Casio has turned to pop group XG for two new G-Shock collaborations, and both lean hard into color without giving up the brand’s usual tank-like formula. The XG G-Shock duo is set to launch in Japan on June 12, with a wider release still unannounced after the watches briefly surfaced on Casio’s US site earlier this week.
The more attention-grabbing model is the GM-S5600XG-1, a square G-Shock with rainbow vapor-deposited glass over the digital display. Casio says the finish will vary from watch to watch, which is a neat way of saying no two will look identical, and the colors shift with wrist angle. That is the sort of detail sneakerheads love and watch buyers can pretend is purely accidental.
GM-S5600XG-1 and GMA-S110XG-4A pricing
The square model costs ¥36,300, or about $228. The second watch, the GMA-S110XG-4A, is cheaper at ¥25,300, roughly $158, and takes a bulkier analog-digital shape with a pink resin band and bezel made through a color-molding process that creates a marbled pattern unique to each unit.
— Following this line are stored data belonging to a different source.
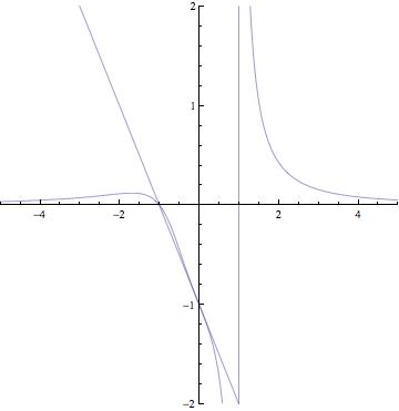 E-Bahut Barbidoux Posté(e) le 12 septembre 2010 E-Bahut Signaler Posté(e) le 12 septembre 2010 Fais attention... tu avais écrit f(x)=(x - 1)/(x^3 - 1).... f(x)=(x + 1)/(x^3 - 1) f’(x)= - 1/(x^3-1)-(3 x^2 (x+1))/(x^3-1)^2 f’(x)= -(2 x^3+3 x^2+1)/(x^3-1)^2 f’(x)= -(2 x^3+3 x^2+1)/((x-1)*(x^2+x+1) Trois polynômes à étudier.... ----------------- -(2 x^3+3 x^2+1). Polynôme du troisème degré on le met et sous la forme de z^3+p*z+q (méthode de Cardan) ==> -x^3-(3/2)x-1/2 et l’on calcule ∆=q^2+(4/27)p^3=(3/2)^(2)+(4/27)*(-1/2)^3>0 donc ce polynôme admet 1 racine réelle et 1 complexe. La valeur de la racine (recherchée par dichotomie) vaut ≈ -1,68 ----------------- x-1 negatif pour x<1 ----------------- (x^2+x+1) Polynôme du second degré. ∆>0 donc >0(du signe de x^2) Limites x-> ==> f(x)->0 x-> 1^+ ==> f(x)=2/0^(+) -> x->1^- ==> f(x) =2/0^(-) -> - Tableau de variation de la fonction .............................................-1.68............................1................................... f’(x)....................(+)...............(0)............(-)..............||.........(-)...................... f(x).................crois.............Max......decrois...........||......decrois........ L'équation de la tangente au point d'abscisse a au graphe de f(x) s'ecrit y=f'(a)*(x-a)+f(a) ==> y=-x-1 f(x)-y=(x + 1)/(x^3 - 1)+(x+1)=((x+1)+(x+1)*(x^3-1))/(x^3-1)=x^3*(x+1)/(x^3-1) f(x)-y ademet deux racines x=0 et x=-1 est est >0 entre les valeurs de ces racines ==> f(x) est au dessus de sa tagente dans l'intervalle ]-1, 0[
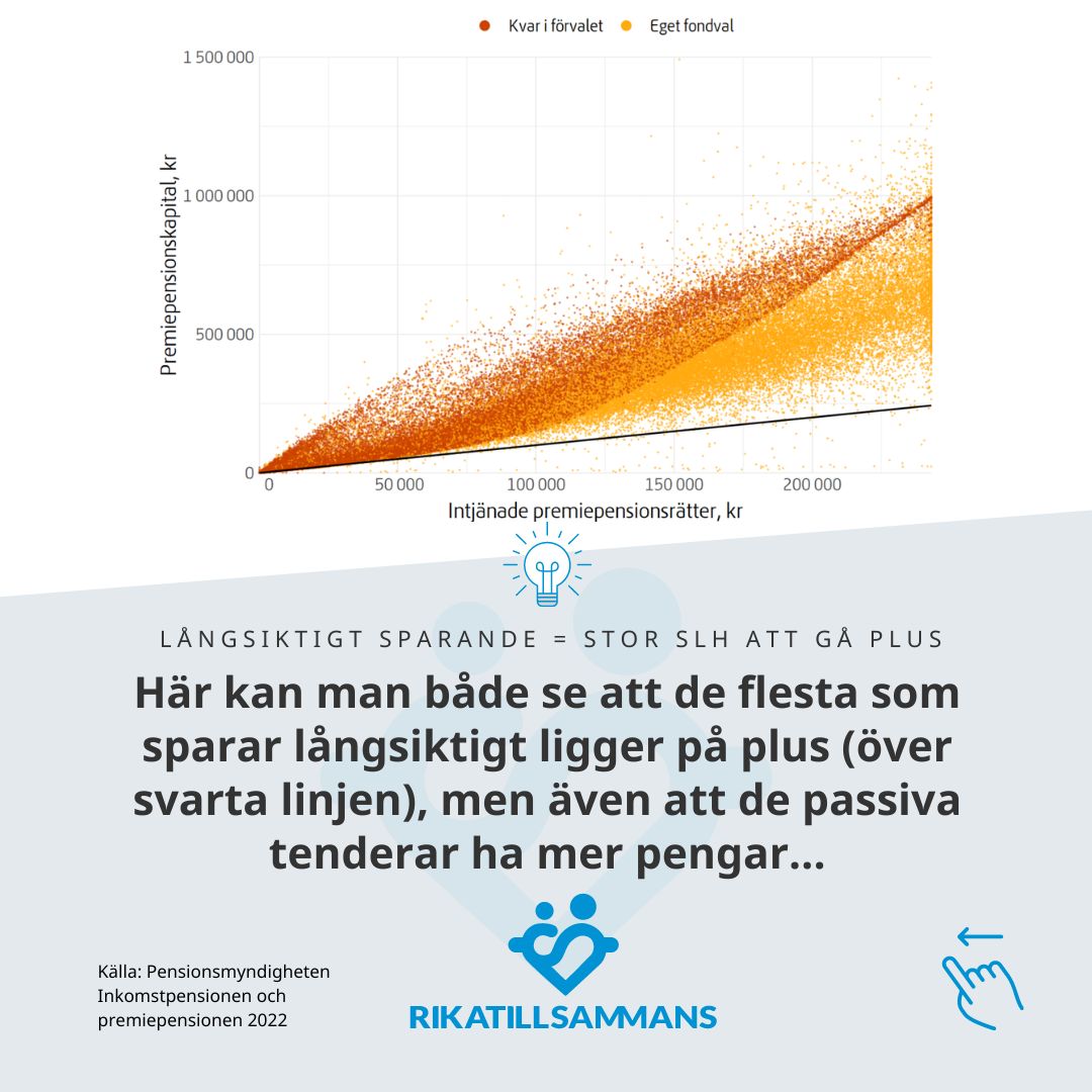 Sista grafen visar att ju längre tid man sparar, desto större sannolikhet att man har går plus (=över svarta linjen). Gissa vem som ter sig ha mest pensionskapital?
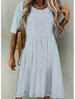 Per donna Abito Midi Vestito Casual Abito Estivo Moda Moderno Quotidiano Spiaggia Weekend Vestibilità regolare A righe Manica Corta Scollo a V Blu Estate Primavera Autunno
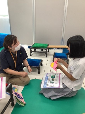 作業療法のリアルを体感できる体験コーナーでは、実際の実習室を見学しながら、
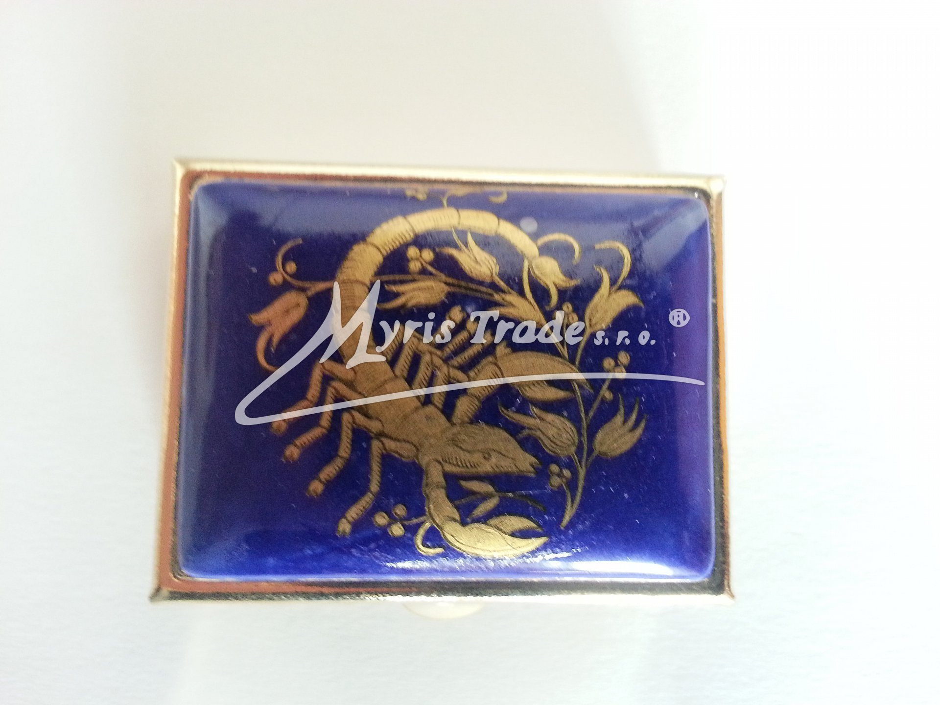 klasická obdélníková lékovka je vyrobena z kovu zlaté barvy s porcelánovým víčkem s motivem ze zvěrokruhu
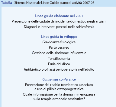 Tra gli output del PNLG-SNLG per il 2007 due nuove linee guida. Il primo documento, “Prevenzione delle cadute da incidente domestico negli anziani”, illustra le prove scientifiche disponibili in letteratura sui fattori di rischio caduta negli anziani, sugli interventi efficaci per individuare i soggetti a rischio caduta, sui fattori di rischio modificabili e i relativi interventi. Entro la fine del 2007 verrà presentata la linea guida “Diagnosi e interventi precoci della schizofrenia”. Si tratta di un documento che illustra e valuta le prove disponibili a favore dell’opportunità di implementare strutture e attività dedicate all’identificazione e al trattamento precoci di soggetti schizofrenici.
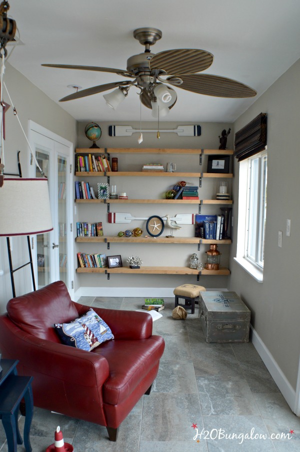 Our reading nook took on a personality of its own once I started putting it together. With its rough cut wood shelves and big cushy masculine chair I was able to find a home for all our nautical decor, some of my husbands travel memorabilia from his days in the Navy and a few other cherished family pieces.
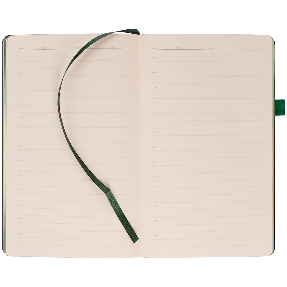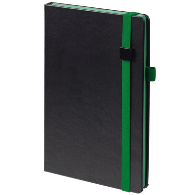Ежедневник с твердой обложкой, выполнен из материала Waltz, черный АА, дополнен зеленой резинкой с металлическим шильдом и ляссе.
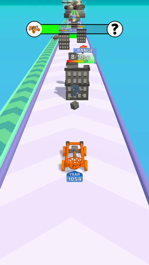 As you traverse, your catapult becomes your trusty companion, shooting at the looming structures ahead. Each building you encounter comes with its own health, and your precise shots will demolish pieces of it, leaving a trail of destruction in your wake. Behold the captivating cutscene, triggered by a slider on the left of the runway, where the magic of time unfolds before your very eyes!
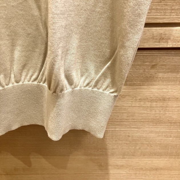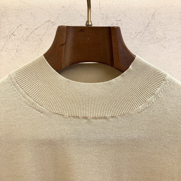 リブは程良いテンションのリブ編みにより、首のラインに沿ってキレイに映ります。
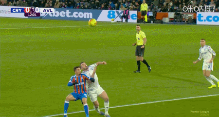 第12分鐘,維拉球員舉手示意米切爾手球,裁判并無表示
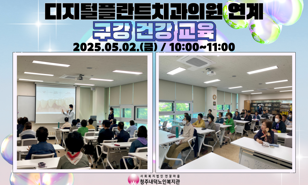 2025년 5월 2일(금) 10시~11시 청주내덕노인복지관 2층 으뜸방에서 디지털플란트치과의원과 함께 구강 건강교육을 진행하였습니다.

- GM-S5600XG-1: ¥36,300, about $228
- GMA-S110XG-4A: ¥25,300, roughly $158
- Both models: 200 meters of water resistance, shockproofing, stopwatch, timer, alarm, and LED backlight
- Battery life: three years for the square model, two years for the analog-digital model
What Casio changed and what it left alone
Beyond the XG branding on the dials and case backs, these are still classic G-Shocks underneath the styling exercise. That is probably the right call: Casio has spent years proving that a familiar platform with one sharp visual hook sells better than a wild redesign that forgets why people buy G-Shock in the first place.
Casio is also continuing with bio-based resins for both bands, part of a broader push to use fewer traditional plastics in its watches. The company has not said when, or if, these models will leave Japan, but the earlier US listing makes an international announcement feel more like a timing question than a possibility.
A familiar G-Shock play with a louder paint job
This release fits a pattern Casio knows well: take a proven shape, add a limited-edition collaborator, then let scarcity do the rest. The brand has also been busy elsewhere in the lineup, including more premium G-Shock models with dive features and metal-heavy designs, which suggests Casio is covering both ends of the market at once instead of betting on a single hero watch.
If the Japan launch gets a quick follow-up overseas, the XG pair could become the kind of collab that sells out on design alone. If not, expect them to do what most good regional releases do: make everyone else wait, then complain loudly online.